## [What the task requires]
Line by line, repeat the material below exactly and leave the images out.

## [Recorded information]
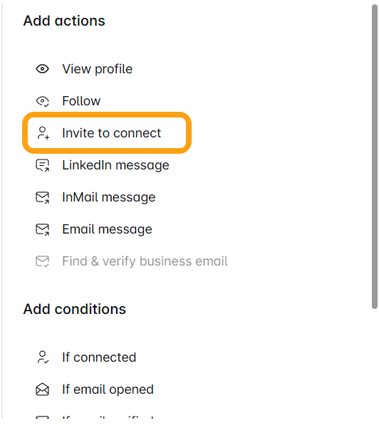 - Esta ferramenta prática permite que você convide leads do LinkedIn para se juntar à sua rede. Você pode se conectar com suas conexões de 2º e 3º grau, mas não com aquelas fora da sua rede. Melhor prática? Mantenha-se enviando convites para seus contatos de 2º grau para manter sua conta do LinkedIn segura e protegida!
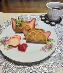 NEW ワッフルで🍓にゃんこアレンジ😺 ■作品内容 スーパーなどで販売している、スイーツ(ワッフル)を猫のお顔風にしてみました😺🍓 ■作品のこだわりポイント そのままでも美味しい、ワッフルですが、旬で美味しい🍓を猫のお耳風にして、お手軽で楽しいアレンジスイーツにしてみました🎶 (/-\*) (#^.^#)
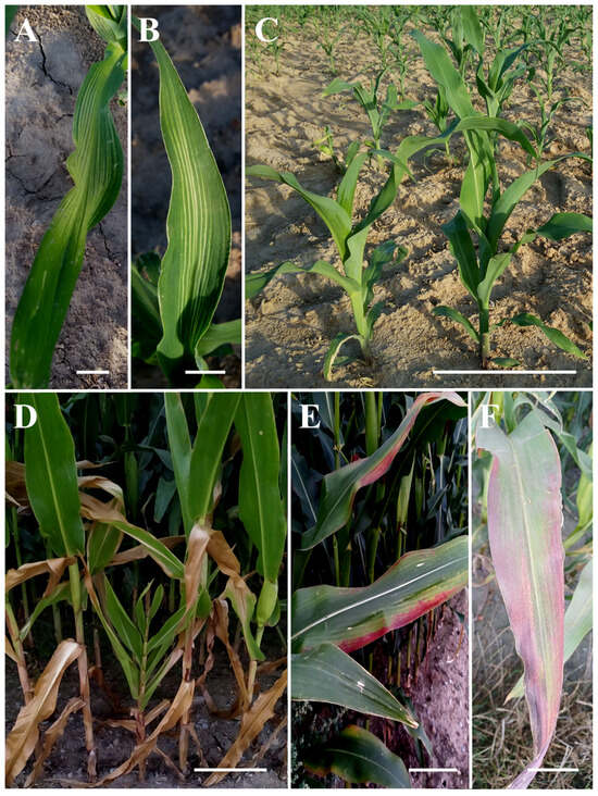 Symptoms observed on maize plants: (A,B) bright, long, parallel stripes along the veins at BBCH stage 17–18; (C) asymptomatic plants; (D) reduced growth apparent at BBCH stage 39; (E,F) red discolorations on the outer edges of leaves. Scale bar = 2 cm (in (A,B,E,F)) or 40 cm (in (C,D)).

## [Exercise result]
 - Esta ferramenta prática permite que você convide leads do LinkedIn para se juntar à sua rede. Você pode se conectar com suas conexões de 2º e 3º grau, mas não com aquelas fora da sua rede. Melhor prática? Mantenha-se enviando convites para seus contatos de 2º grau para manter sua conta do LinkedIn segura e protegida!
 NEW ワッフルで🍓にゃんこアレンジ😺 ■作品内容 スーパーなどで販売している、スイーツ(ワッフル)を猫のお顔風にしてみました😺🍓 ■作品のこだわりポイント そのままでも美味しい、ワッフルですが、旬で美味しい🍓を猫のお耳風にして、お手軽で楽しいアレンジスイーツにしてみました🎶 (/-\*) (#^.^#)
 Symptoms observed on maize plants: (A,B) bright, long, parallel stripes along the veins at BBCH stage 17–18; (C) asymptomatic plants; (D) reduced growth apparent at BBCH stage 39; (E,F) red discolorations on the outer edges of leaves. Scale bar = 2 cm (in (A,B,E,F)) or 40 cm (in (C,D)).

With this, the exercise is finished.